Data compression
Data compression offers two major benefits: it reduces the space needed to store files and it speeds up data transfer across the network, or to/from disk.
Within the MapReduce framework in IBM® Spectrum Symphony, you can compress the output from map tasks as well as final job output (reducer output) before storing them. The benefits of compressing the map output as it is written to disk include faster writing to disk, disk space savings, and reduction in the amount of data to transfer to the reducer.
You can choose which compression algorithm you want to use. If the job outputs use SequenceFile type, they can also be compressed using different methods such as RECORD, BLOCK, or NONE.
Data compression can be configured using a configuration file or the command line during job submission. The default is no compression for both map task output and job output.

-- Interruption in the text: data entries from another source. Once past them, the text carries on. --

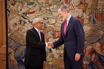 El Rey Felipe VI ha recibido en audiencia al presidente de Cabo Verde, José María Pereira Neves, en el Palacio de la Zarzuela en el marco de la visita de trabajo que está realizando a España. El mandatario caboverdiano ya se reunió el jueves pasado en el Palacio de la Moncloa con el presidente del Gobierno, Pedro Sánchez, con quien abordó el fortalecimiento de las relaciones bilaterales en ámbitos como la cooperación al desarrollo y la economía azul, especialmente el tratamiento del agua y la pesca sostenible, según informó el Gobierno. Pereira Neves tiene previsto participar mañana en Barcelona en la Conferencia de la Década Oceánica 2024, una cita mundial que reunirá a la comunidad y los socios del Decenio de los Océanos para celebrar los logros y establecer prioridades conjuntas para el futuro.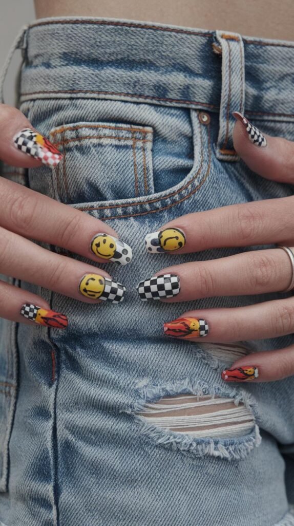 What makes funky nails so exciting is that there are no limits. Think swirls in contrasting colours, abstract shapes, checkerboard patterns, smiley faces, splashes of neon, graphic lines, and unexpected textures all living on the same set of nails. One nail might be glossy, another matte.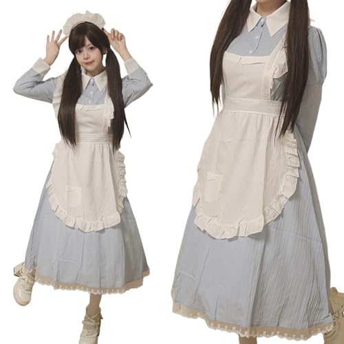 AOTYPのメイド服コスチュームセットは、アニメ風のアリスドレススタイルで、レース装飾があります。ゴスロリデザインで、カチューシャが付いており、メイド喫茶やカフェの仮装に最適。サイズはブルーの4XLです。
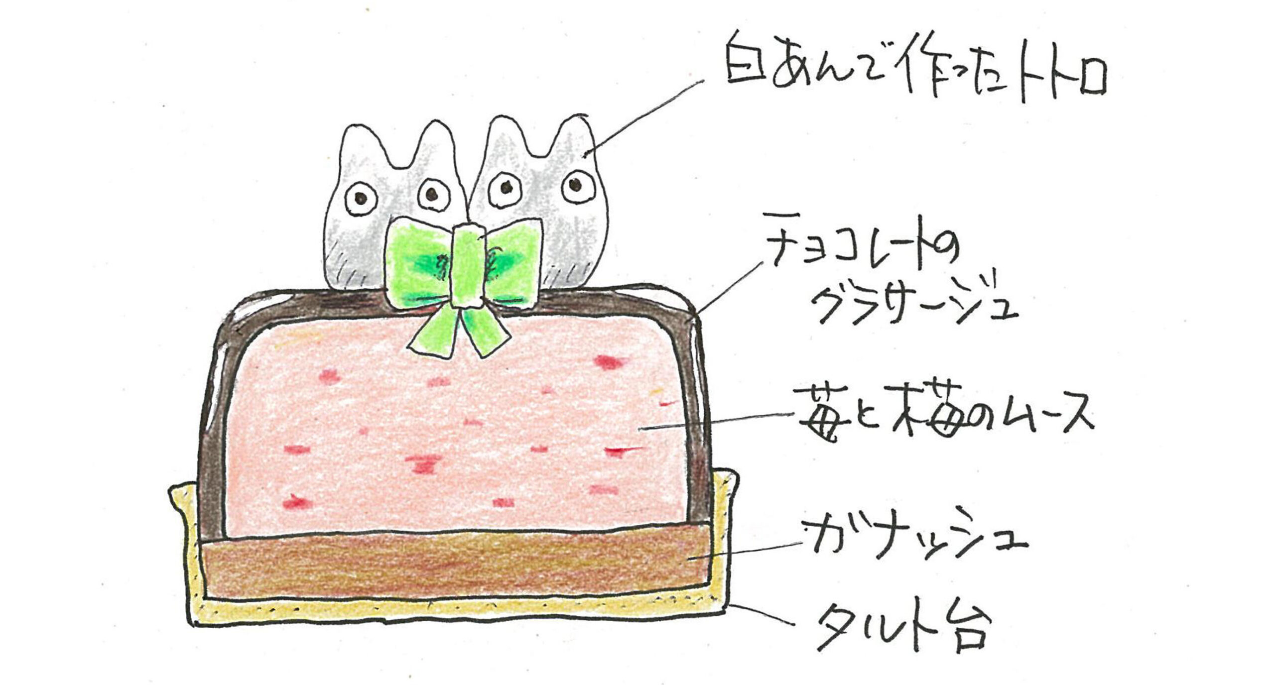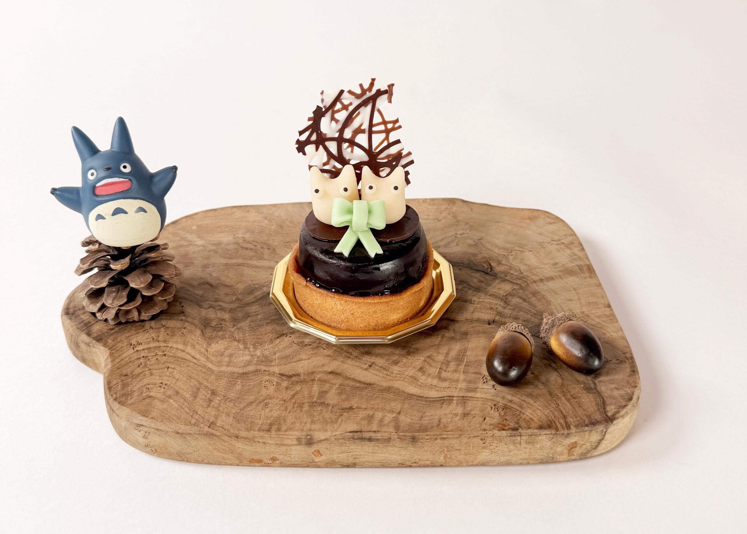 つややかなチョコレートに包まれたタルトの上で、 白あんで作った小トトロたちが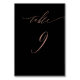 Ces cartes de table minimalistes en mariage noir et rose d'or ajouteront une touche d'élégance à vos décors de mariage. Ce modèle design simple présente un script d'or rose faux moderne qui se lit comme suit : "Tableau 9". Veuillez consulter notre boutique I Love Weddingz pour plus de cartes de numéro de table dans cet ensemble. Meilleurs voeux pour votre mariage et mariage ! Conçu par Susan Coffey.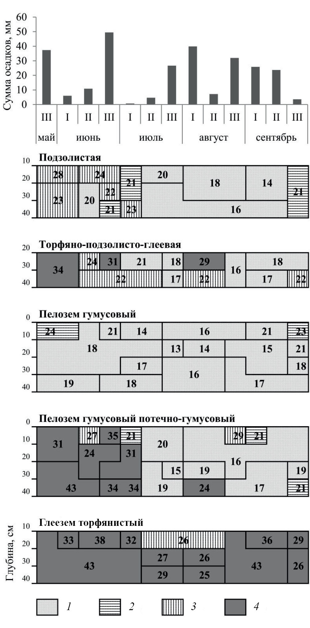 Примечание: цифры на прямоугольных рисунках означают полевую влажность (мас. %).
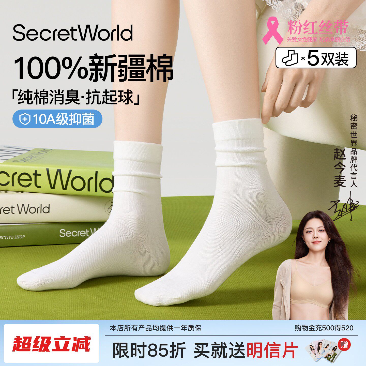 【Zhao Jinmai Same Style】Socks Women's Pure Cotton Spring and Summer Mid-Leg Socks Breathable, Anti-Odor, Anti-Pilling, Pile Socks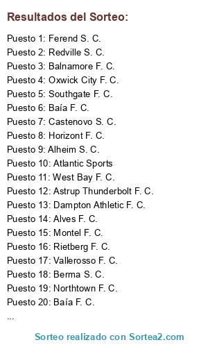 Lista de participantes: Baía F. C., Horizont F. C., Ferend S. C., Montel F. C., Alves F. C., Rietberg F. C., Southgate F. C., Vallerosso F. C., Alheim S. C., Novafonte S. C., Balnamore F. C., Berma S. C., Astrup Thunderbolt F. C., Northtown F. C., Castenovo S. C., Oxwick City F. C., Redville S. C., West Bay F. C., Atlantic Sports, Dampton Athletic F. C..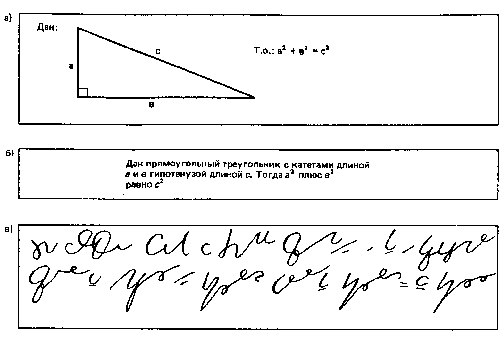 конспекте он видит не слова, а уже готовые образы; -во-вторых, ему легче запоминать, так как этот материал уже один раз был осмыслен на уроке в процессе обдумывания, как лучше записать эту фразу. Кроме того, зрительные образы (типа рисунка треугольника) запоминаются лучше, чем описательный текст Школьник Б скорее всего читает свой конспект как впервые увиденный текст на лекции все прошло мимо сознания. Кстати, школьнику В, который благодаря умению стенографировать не очень утомлялся на лекции, сейчас приходится трудновато, так как расшифровка стенографической записи требует дополнительных умственных усилий (в стенограмме хуже распознаются отдельные буквы).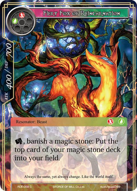 , : Search your deck and/or hand for a card named ""Fiery Fox of Reincarnation"" and put it into the field. If you searched your deck, shuffle it.
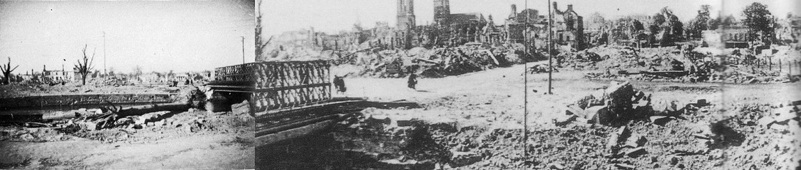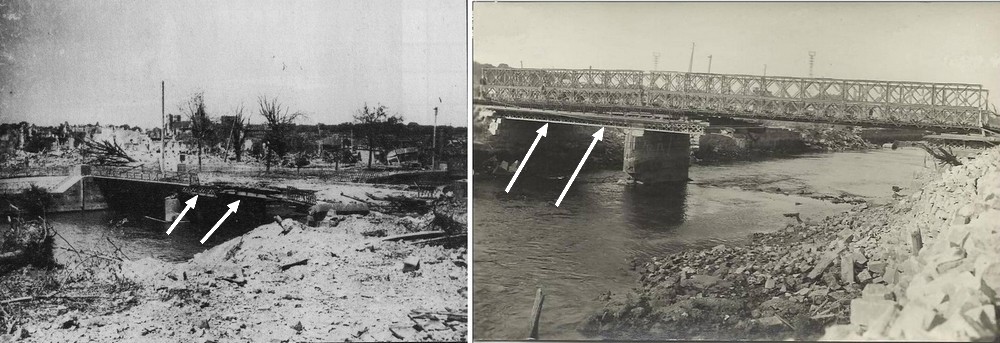 Quatre photos du pont de Vaucelles de plus en plus en ruines au fur et à mesure des bombardements: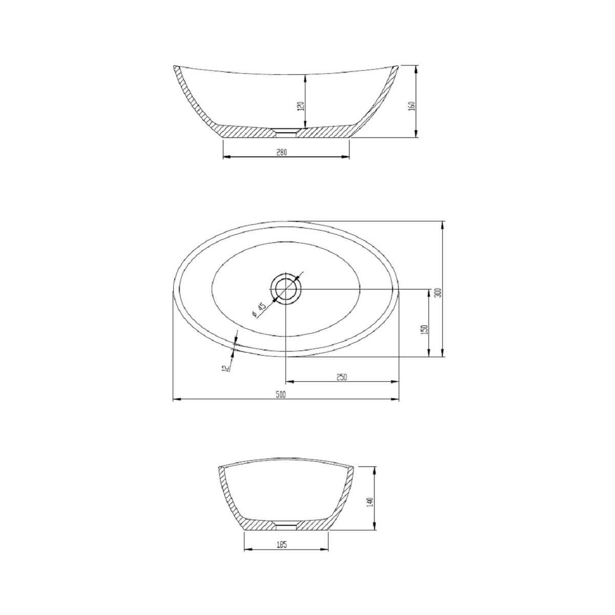 - Ovales Aufsatzwaschbecken aus Solique-Mineralguss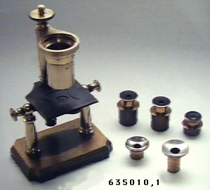 Beskrivelse: Projektionsmikroskop på vippestativ, sådan at mikroskopet kan kippes til vandret. Samlet højde, når mikroskopet er oprejst, 25 cm. Mikropskopet er monteret på grundplade af messing på støbejernsbund. I bunden er denne mærket "635-010, IEVH, , 635-10" samt på lille mærkat "7/10.76, BBB, 150,00." Kuvette af metal med glasbund. Tre løse linser samt to kapper. Transportkasse af mahogni (mål ovenfor). Seddel indlagt i kassen, fransk tekst om forstørringen med forskellige objektiver og okularer på "Microscope à Double Colonne No 3." Mikroskopet blev restaureret i 1969 af P. Therkelsen.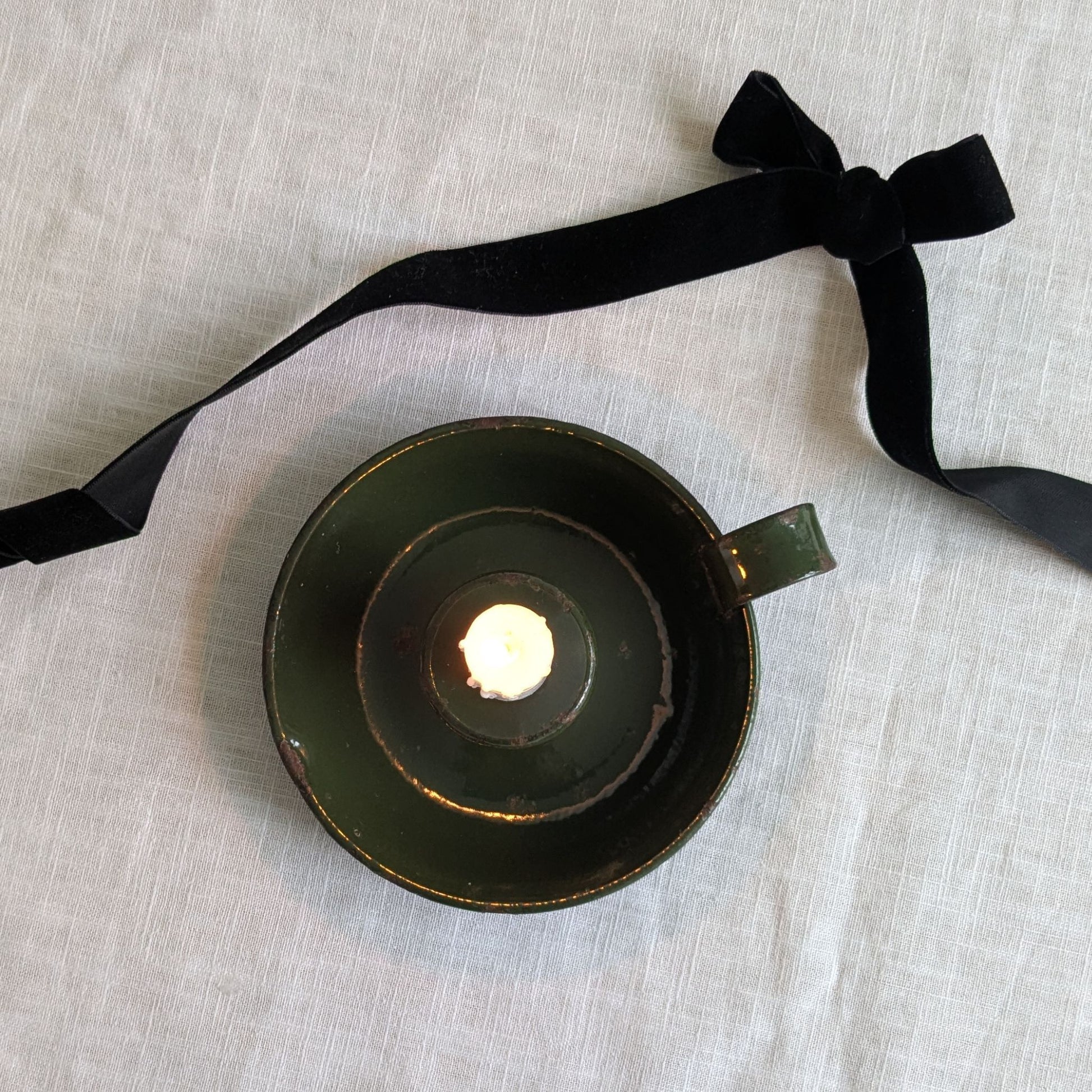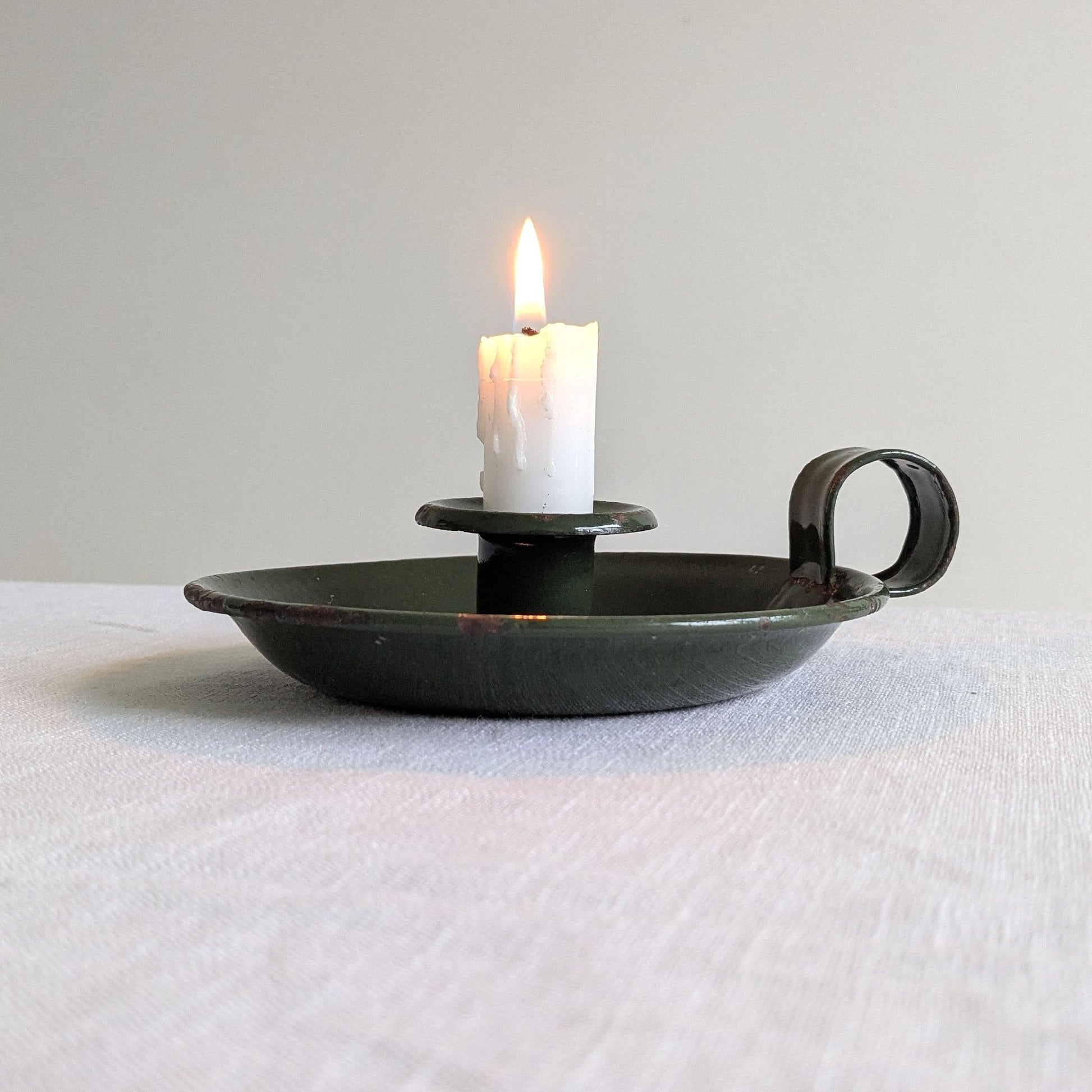 Aged metal chamberstick with forest green enamel paint and a flared candle socket. Wide drip tray and fitted with a circular looped handle.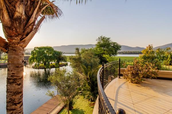 Timeless Home on the Dam with Mountain Views. This stunning property is located on the shores of Hartbeespoort Dam, with private launching facilities, staff accommodation and a breathtaking entertainment area.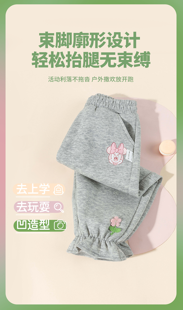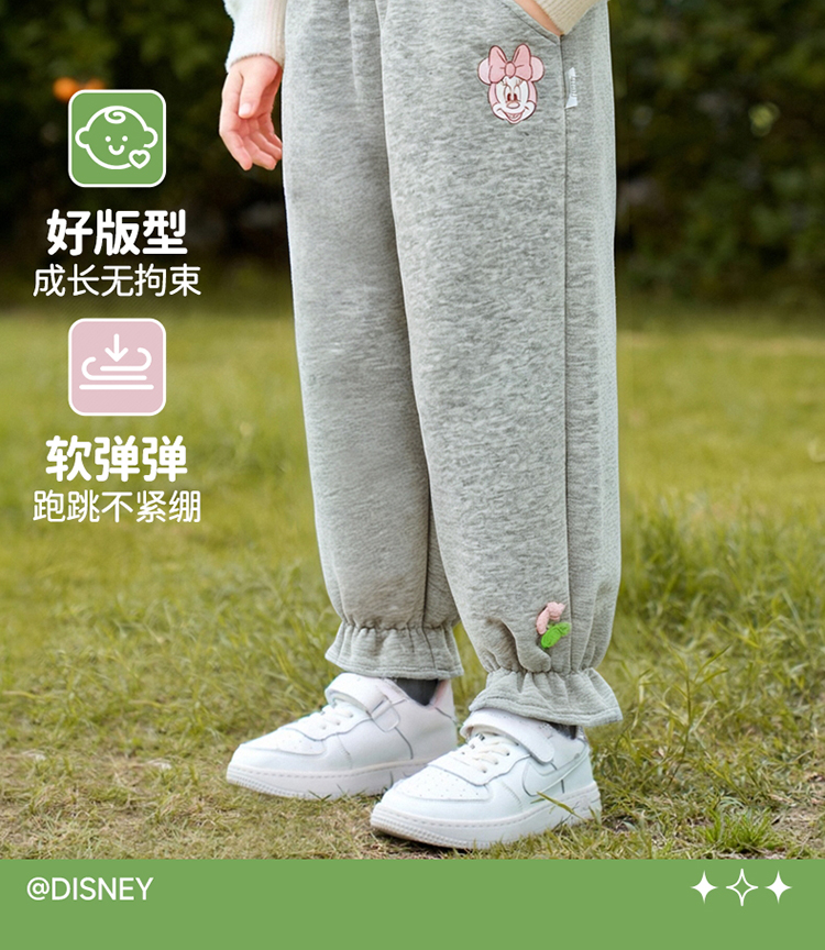 迪士尼25春秋新款女童休闲长裤棉弹舒适耐磨不易起球卫裤ZD3EK017

Configure data compression from the mrsh utility
To configure map output compression from the command line, add the following option to your job submission command:
-Dmapred.compress.map.output=true
To configure the codec for map output compression, add one of the following options to your job submission command:
- -Dmapred.map.output.compression.codec=org.apache.hadoop.io.compress.DefaultCodec
- -Dmapred.map.output.compression.codec=org.apache.hadoop.io.compress.GzipCodec
To configure job output compression, add the following option to your job submission command:
-Dmapred.output.compress=true
To configure the compression type for job output compression, add the following option to your job submission command (default compression type is RECORD):
-Dmapred.output.compression.type=BLOCK | RECORD | NONE
To configure the codec for job output compression, add one of the following options to your job submission command:
- -Dmapred.output.compression.codec=org.apache.hadoop.io.compress.GzipCodec
- -Dmapred.output.compression.codec=org.apache.hadoop.io.compress.DefaultCodec
Configuring data compression in a configuration file
- Open the mapred-site.xml configuration file at $HADOOP_HOME/conf.
- Add a property parameter for each compression option you want
to configure. For example:
<property> <name>mapred.compress.map.output</name> <value>true</value> </property> <property> <name>mapred.map.output.compression.codec</name> <value>org.apache.hadoop.io.compress.DefaultCodec</value> </property> - If you did not set the HADOOP_HOME variable to your Hadoop configuration directory before installing IBM Spectrum Symphony or if you did not set PMR_EXTERNAL_CONFIG_PATH to your Hadoop configuration directory after installing IBM Spectrum Symphony, copy the mapred-site.xml file to $PMR_HOME/conf.